Delia described the move as a “certificate of failure”, saying that a Nationalist Party in power always prioritized Malta’s education system.
Last Friday, the Times of Malta reported how ten prefabricated classrooms were set up in the playground of a government primary school at St Paul’s Bay in order to cope with rising student numbers.
National statistics show that the population numbers in St Paul’s Bay has been growing for a number of years, however it has been reported that between 2015 and 2018, the number of residents in the area grew by 26%. The Times quoted the school’s principal as saying an influx of foreigners has left the primary school badly needing more space.
Delia stressed that the PN had built one school per year during its time in government, and the current situation can be translated to mean that the government does not have any respect towards students. He said the government neither has respect for teachers and lecturers as the profession has long suffered staffing shortages.
Education Minister Evarist Bartolo previously promised a new school for St Paul’s Bay, with the deadline having been set for 2015. Issues arising at the Foundation for Tomorrow’s Schools, such as the resignation of top officials, corruption claims landing in court and delays in the tendering progress all contributed towards delays for the new school.
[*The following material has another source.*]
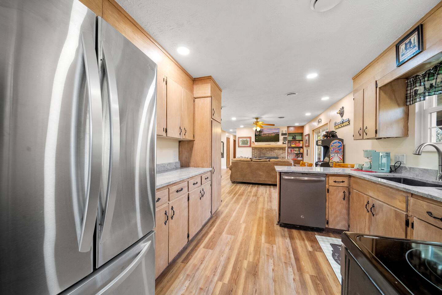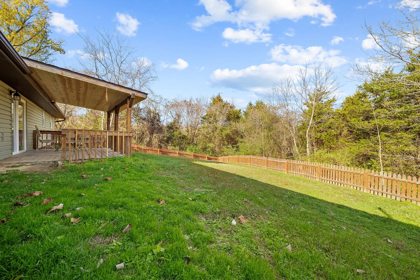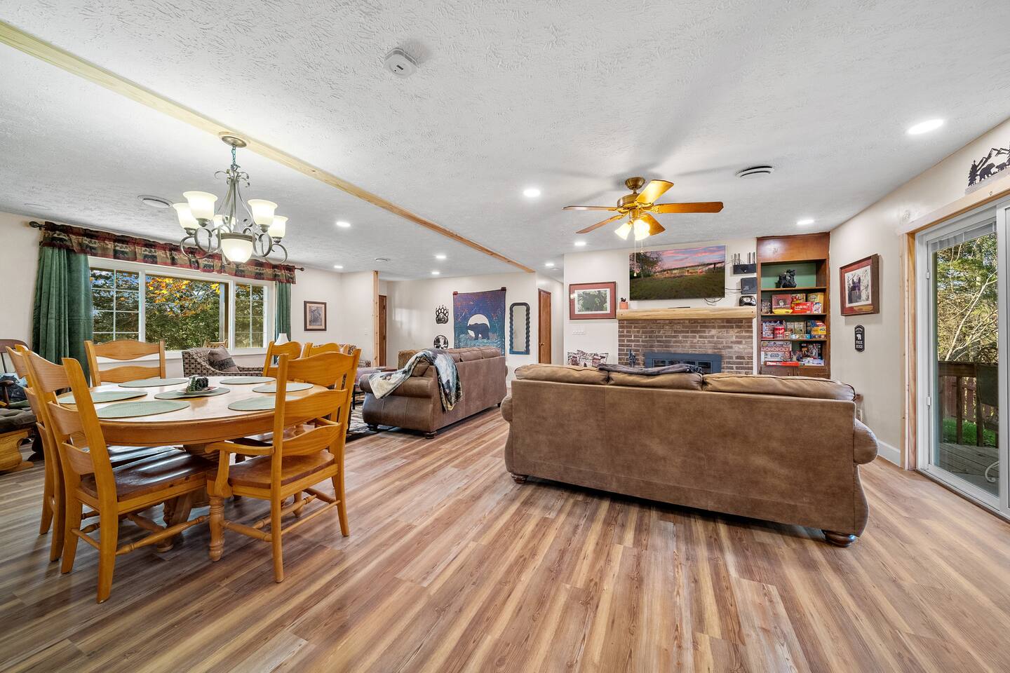 Enjoy beauty, peace and privacy paired with easy access to everywhere, in this well-located 3/2 entire Sevierville home. Features: King bed with en-suite bathroom; two queen bedrooms; an open living/dining room overlooking the treed front yard; den and kitchen viewing the fenced-in yard and porch; Wifi; dedicated workspace; fireplace; arcade games; full kitchen; and wash/dryer. 2 miles to groceries/restaurants, 3 mi to Sevier Co. Convention Ctr, 7 mi to The Island, and 8 mi to Dollywood.

The latest target has been set for September 2019.
Education Ministry Reaction
In reaction, the Education Ministry has denied that the classrooms in question can be called “containers”, adding that just because they are “prefabricated classrooms” does not mean they are of inferior quality.
He said the classrooms are kitted out with all modern technology, such as interactive whiteboards and air conditioning, and implored that the PN leader stop using ultra partisan remarks in an area as sensitive as education.